Deze elementen vormden de basis voor het arrest van het Hof Arnhem-Leeuwarden van 11 september 2017. De werkneemster had zich begin 2015 ziekgemeld met fysieke klachten. Hiernaast had de werkneemster aangegeven dat er sprake was van een arbeidsconflict. De bedrijfsarts gaf aan dat re-integratie mogelijk was en dat het arbeidsconflict moest worden opgelost. De werkneemster is vervolgens door de werkgever uitgenodigd voor een gesprek om te praten over het arbeidsdeskundigenrapport en het vervolgtraject, maar zij weigerde te komen. Er zijn daarna meerdere afspraken gemaakt tussen werkneemster en werkgever waarop werkneemster telkens na afmelding niet verscheen. De werkgever heeft, na een laatste waarschuwing, de loondoorbetaling gestaakt. Het UWV oordeelde dat de werkneemster onvoldoende meewerkte aan haar re-integratie. Vervolgens heeft een bespreking plaatsgevonden tussen de werkgever en de werkneemster waarbij werkgever heeft toegezegd te zullen gaan starten met mediation ten aanzien van het ervaren arbeidsconflict. De werkneemster is hiernaast uitgenodigd voor een gesprek over de re-integratie.
De werkneemster gaf aan pas aan re-integratie te willen beginnen als het door haar ervaren arbeidsconflict uit beeld zou zijn.

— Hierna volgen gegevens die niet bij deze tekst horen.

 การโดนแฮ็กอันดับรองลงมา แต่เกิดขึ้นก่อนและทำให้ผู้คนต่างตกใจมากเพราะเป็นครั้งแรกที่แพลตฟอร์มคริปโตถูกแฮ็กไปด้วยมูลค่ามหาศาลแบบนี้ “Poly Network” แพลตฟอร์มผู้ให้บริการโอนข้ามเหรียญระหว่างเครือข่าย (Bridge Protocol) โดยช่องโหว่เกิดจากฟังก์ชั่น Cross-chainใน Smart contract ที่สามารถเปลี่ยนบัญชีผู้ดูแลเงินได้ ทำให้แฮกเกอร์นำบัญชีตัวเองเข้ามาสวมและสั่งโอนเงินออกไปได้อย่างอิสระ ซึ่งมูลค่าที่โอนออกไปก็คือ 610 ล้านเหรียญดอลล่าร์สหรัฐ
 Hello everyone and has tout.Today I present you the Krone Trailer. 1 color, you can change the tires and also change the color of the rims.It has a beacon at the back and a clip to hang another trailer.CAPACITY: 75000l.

Zij is niet op het gesprek met haar leidinggevende verschenen, reden waarom de werkgever de werkneemster op staande voet heeft ontslagen.

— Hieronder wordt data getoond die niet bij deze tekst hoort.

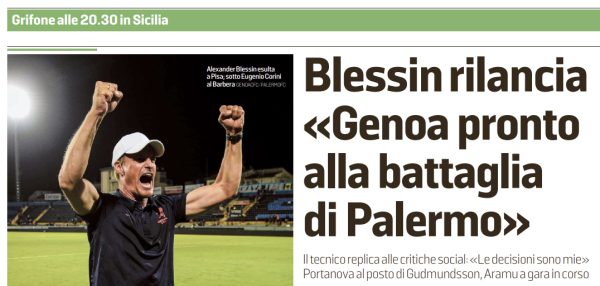 L'edizione odierna de "Il Secolo XIX" si sofferma sulle parole di Blessin in vista di Palermo-Genoa. La festa per il...

De werkneemster heeft de vernietiging van het ontslag op staande voet verzocht. De Kantonrechter heeft dit verzoek afgewezen.
Ook in hoger beroep komt het Hof niet tot een ander oordeel. Het Hof overweegt kort gezegd dat de werkneemster herhaaldelijk niet heeft voldaan aan redelijke instructies om gesprekken te voeren over haar re-integratie en het aanvangen van passende werkzaamheden. Gelet op de verplichting die op een werkgever rust om de re-integratie van een werknemer te bevorderen is het uitgangspunt dat uitnodigingen voor gesprekken over re-integratie in beginsel redelijke instructies vormen en dat een werknemer gelet op de verplichting om medewerking te verlenen aan de re-integratie in beginsel gehouden is aan dergelijke uitnodigingen gevolg te geven.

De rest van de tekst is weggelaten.